Я успела просмотреть и подписать годовой отчет, выпить кефир, а Димы все не было.

Вернулся он через час, сердитый и взлохмаченный.

– Что, – попыталась угадать я, – разогнал?

– Разогнал, как же! Они проникли на завод, захватили все места. Оккупанты. Ты хоть видела списочный состав?

– Нет, – хмыкнула я, – не видела, это кадровичка, Людмила, постаралась. Теперь не отделаешься от них – липучие, как банные листы.

– Ничего, на всех статью можно найти, – успокоил меня Тихомиров, – надоедят – только скажи.

– А других способов нет?

– Может, и есть, только я других не знаю.

Вечером я долго не могла заснуть.

Во-первых, потому что в итоге Тихомиров зарубил всех кандидатов на место водителя – девятерых Петуховых и троих чужаков.

Во-вторых, от голода.

Врачиха (вредная тетка со склонностью к гипердиагностике) держала меня в черном теле. На каждый прием я таскала за собой Тихомирова и предъявляла как наглядное пособие.

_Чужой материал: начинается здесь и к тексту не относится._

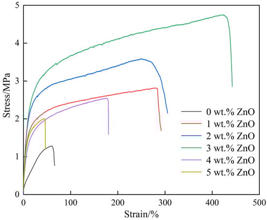 Stress–strain curves of the SPEs (0 wt.% ZnO [], 1–5 wt.% ZnO).
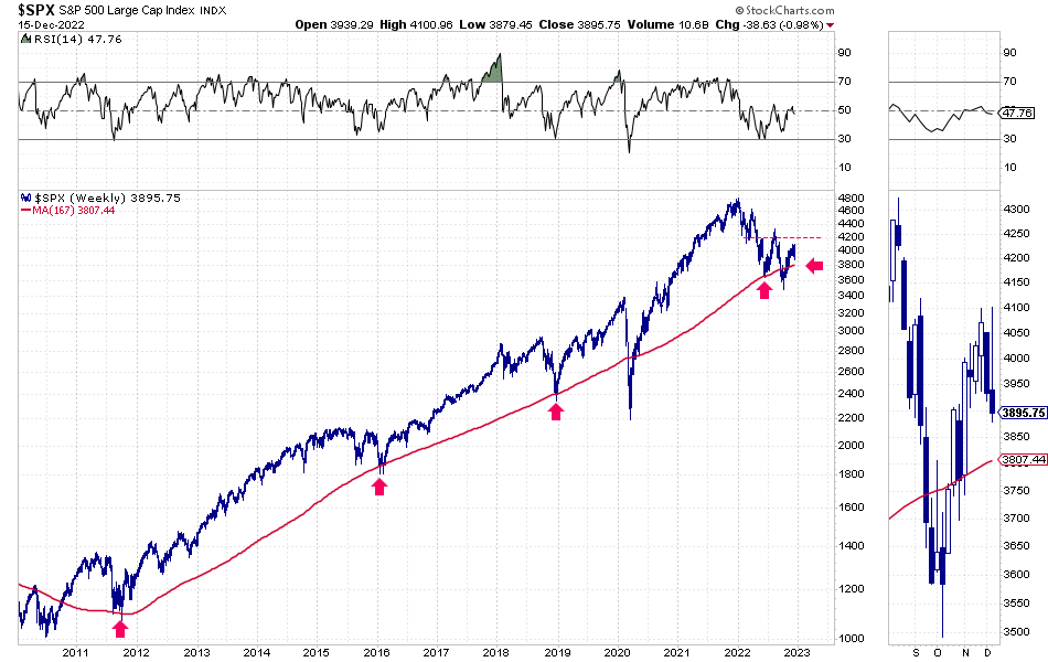 In any case, if the S&P 500 were to lose its 40-month moving average (around 3,800) and lose the recent low of 3,500, it would all but confirm the stock market is in a new secular bear market.
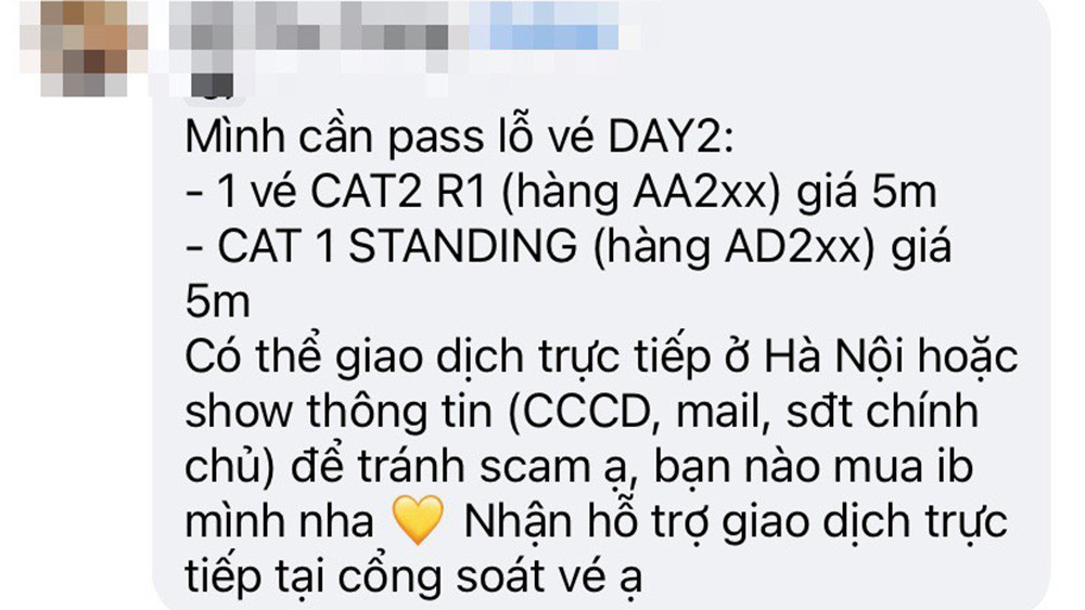 Tình trạng bán lỗ vé concert có lợi cho người hâm mộ và cũng là bài học cho các phe vé. Tuy nhiên, người mua cũng cần đề phòng các đối tượng lợi dụng tư tưởng ham rẻ, đợi bán lỗ để lừa bán “vé ảo” nhằm trục lợi. Vé được phát hành dưới dạng mã QR nên với sự phức tạp của tình trạng nhượng hay trao đổi vé, người hâm mộ cần đề cao cảnh giác.
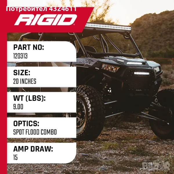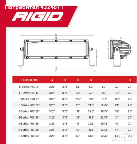 Дълъг живот на осветлението – LED светлините на RIGID осигуряват до 50,000 часа работа, което означава, че ще ви служат надеждно дори при интензивна употреба.
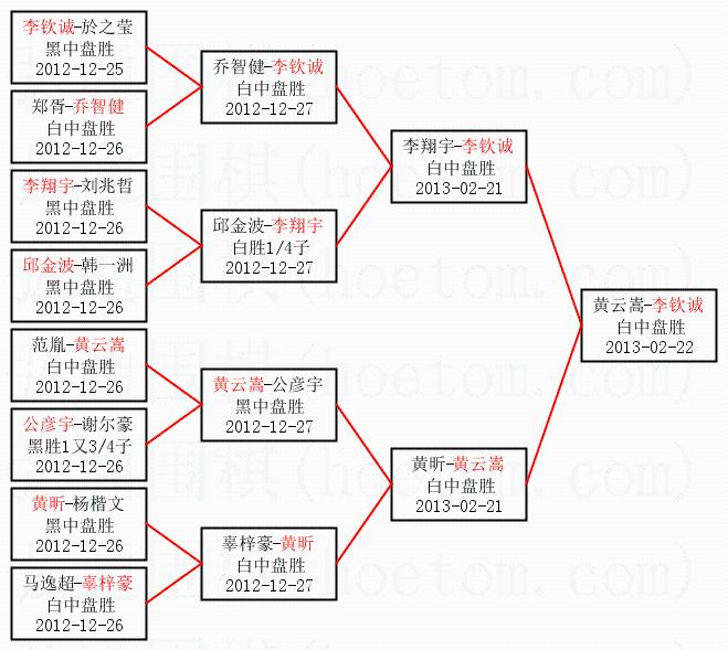 1.李钦诚获得冠军,黄云嵩获得亚军。决赛比分:李钦诚1:0黄云嵩。棋局:

– У нас наследственность, – подхалимски намекала я, но мои намеки пропадали втуне, врачиха устраивала некрасивую сцену, орала, что я набрала веса больше нормы.

Я крутилась в кровати (Тихомиров еще не ложился) и не могла избавиться от навязчивой, почти параноидальной мысли, что в холодильнике мерзнет курица под чесночным соусом, пропадает от одиночества свиной рулет и скучают остатки салата оливье… Меня преследовали образы и виденья разнообразной вкусной еды…

– Пропади все пропадом, творога поем, – сдалась я и пошлепала на кухню.

Тихомиров что-то писал. При моем появлении странно дернулся и спрятал за спину какую-то бумагу.

На мгновение я лишилась дара речи: на деревянной столешнице перекатывался разрезанный лимон и скромно лежали две ватные палочки. От неожиданности я поперхнулась и закашлялась.

Тихомиров быстро налил и протянул мне чашку с водой.

– А почему не хлорид кобальта? – сделав несколько глотков, прохрипела я.

– А ну его, возни много, – растерянно улыбнулся Тихомиров и прижался ко мне лицом, – люблю тебя.